Problem details: If an entry below holds a picture, leave the picture out and print the rest exactly.

━━━━━━━━━━━━━━━━━━━━━━━━━━━━━━

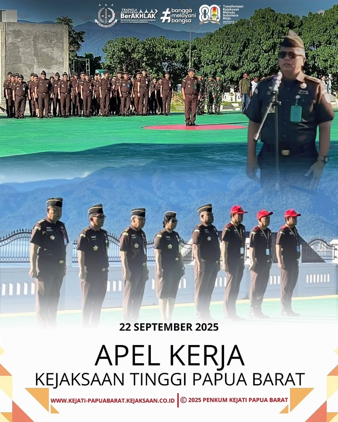 Senin, 22 September 2025 Bertempat di kantor Kejaksaan Tinggi Papua Barat dilaksanakan Apel Kerja yang dipimpin oleh Asisten Intelijen Muhammad Bardan, S.H., M.H.
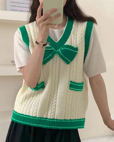 Womens Sweater Vest Casual Sleeveless Pullovers Ladies Cute Bowknot Knitwear
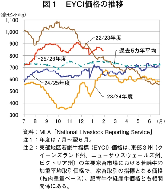 豪州食肉家畜生産者事業団(MLA)によると、肉牛生体取引価格の指標となる東部地区若齢牛指標(EYCI)価格は、直近2026年1月30日時点で1キログラム当たり840豪セント(924円:1豪ドル=109.96円(注1))と高水準を推移しているものの、1月中旬から緩やかに下落している(図1)。
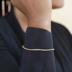Subtle, slinky, and endlessly sophisticated, the Celine Snake Chain is the delicate counterpart to our classic herringbone. It offers a whisper of liquid gold that rests beautifully against your skin. Its fluid, minimal design makes it perfect for an understated solo statement or a shimmering foundational layer.
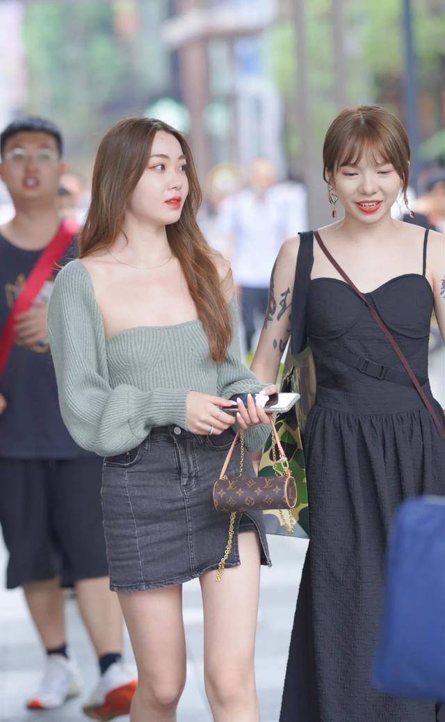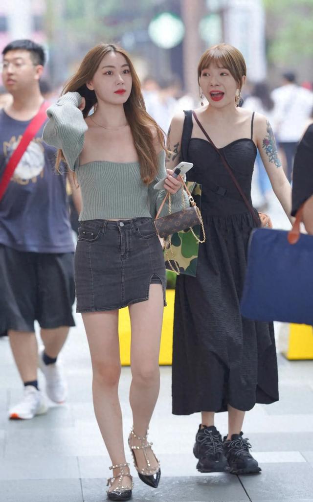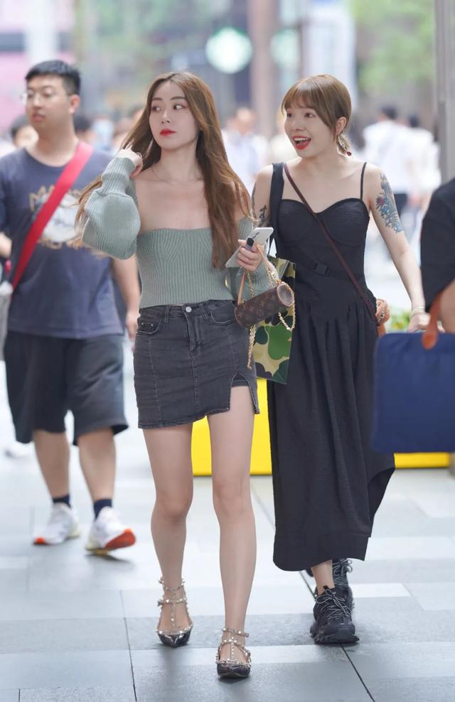 穿抹胸衣搭配牛仔短裙秀好身材的时尚小姐姐

━━━━━━━━━━━━━━━━━━━━━━━━━━━━━━

Solution:
 Senin, 22 September 2025 Bertempat di kantor Kejaksaan Tinggi Papua Barat dilaksanakan Apel Kerja yang dipimpin oleh Asisten Intelijen Muhammad Bardan, S.H., M.H.
 Womens Sweater Vest Casual Sleeveless Pullovers Ladies Cute Bowknot Knitwear
 豪州食肉家畜生産者事業団(MLA)によると、肉牛生体取引価格の指標となる東部地区若齢牛指標(EYCI)価格は、直近2026年1月30日時点で1キログラム当たり840豪セント(924円:1豪ドル=109.96円(注1))と高水準を推移しているものの、1月中旬から緩やかに下落している(図1)。
Subtle, slinky, and endlessly sophisticated, the Celine Snake Chain is the delicate counterpart to our classic herringbone. It offers a whisper of liquid gold that rests beautifully against your skin. Its fluid, minimal design makes it perfect for an understated solo statement or a shimmering foundational layer.
 穿抹胸衣搭配牛仔短裙秀好身材的时尚小姐姐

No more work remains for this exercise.